The following figure shows the flow of operations in this system.
- Organization of this subsection
(2) Adding the next month's product data to chunks in wait status (background import)
(4) Merging chunks in wait status (to reduce the number of chunks)
(5) Changing the chunk status (switching the product data to be analyzed)
(8) Repeatedly adding new data, merging, changing status, and deleting old data
(1) Defining a multi-chunk table and indexes
To manage product data centrally, you need to define a product table (ITEMLIST) and indexes.
(a) Defining the product table (ITEMLIST)
Define the product table (ITEMLIST) to be stored in the DB area TBLDAT_002. Also, define the product table as a multi-chunk table to perform background import.
In this operation example, the following number of chunks is required:
-
The chunk containing the current month's product data that is to be analyzed (one chunk)
-
The chunks containing product data sent from branch offices (11 chunks)
Because there are 10 branch offices, 10 chunks are needed to import the data of those branch offices.

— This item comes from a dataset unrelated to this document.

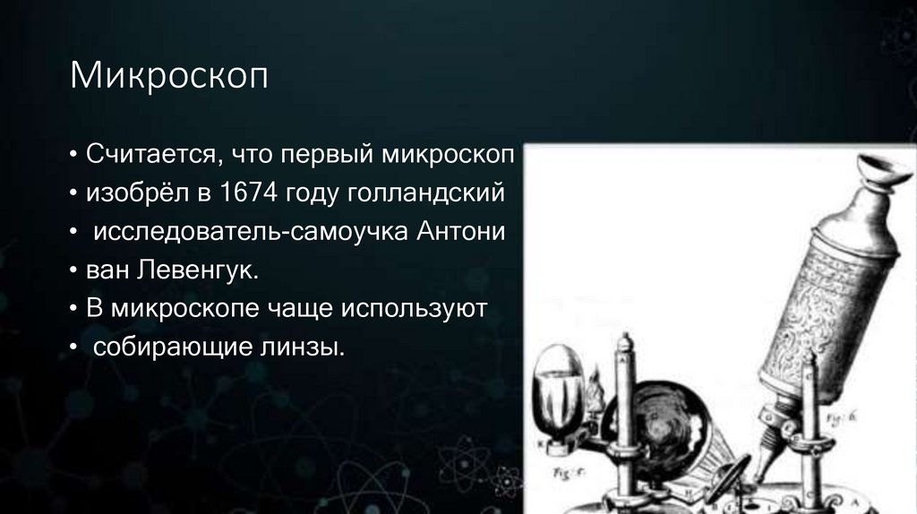 • Считается, что первый микроскоп• изобрёл в 1674 году голландский

In addition, one chunk is needed to merge those 10 chunks. Therefore, 11 chunks are needed in total.
-
The chunks containing product data that are not subject to analysis (six chunks)
Assuming a safety factor of 1.2, the maximum number of chunks that can be created is as follows:
maximum-number-of-chunks-to-be-created = ↑(1 + 11 + 6) × 1.2 (safety factor)↑ = 22
- Note
-
If the number of chunks increases, this negatively impacts retrieval performance. Therefore, we recommend that you design and operate your database system to minimize the number of chunks that are used.
Based on this estimate, specify 22 as the maximum number of chunks. Specify this value for CHUNK of the chunk specification in the CREATE TABLE statement. The following shows an SQL statement example.
- ■ SQL statement example
-
CREATE TABLE "ITEMLIST" ("SHOP_ID" INT,"DELIVERY_TIME" TIMESTAMP, "ITEM_ID" INT, "ITEM_NAME" VARCHAR(100)) IN "TBLDAT002" CHUNK=22
For details about the CREATE TABLE statement, see CREATE TABLE (define a table) in Definition SQL in the manual HADB SQL Reference.
(b) Defining indexes for the product table (ITEMLIST)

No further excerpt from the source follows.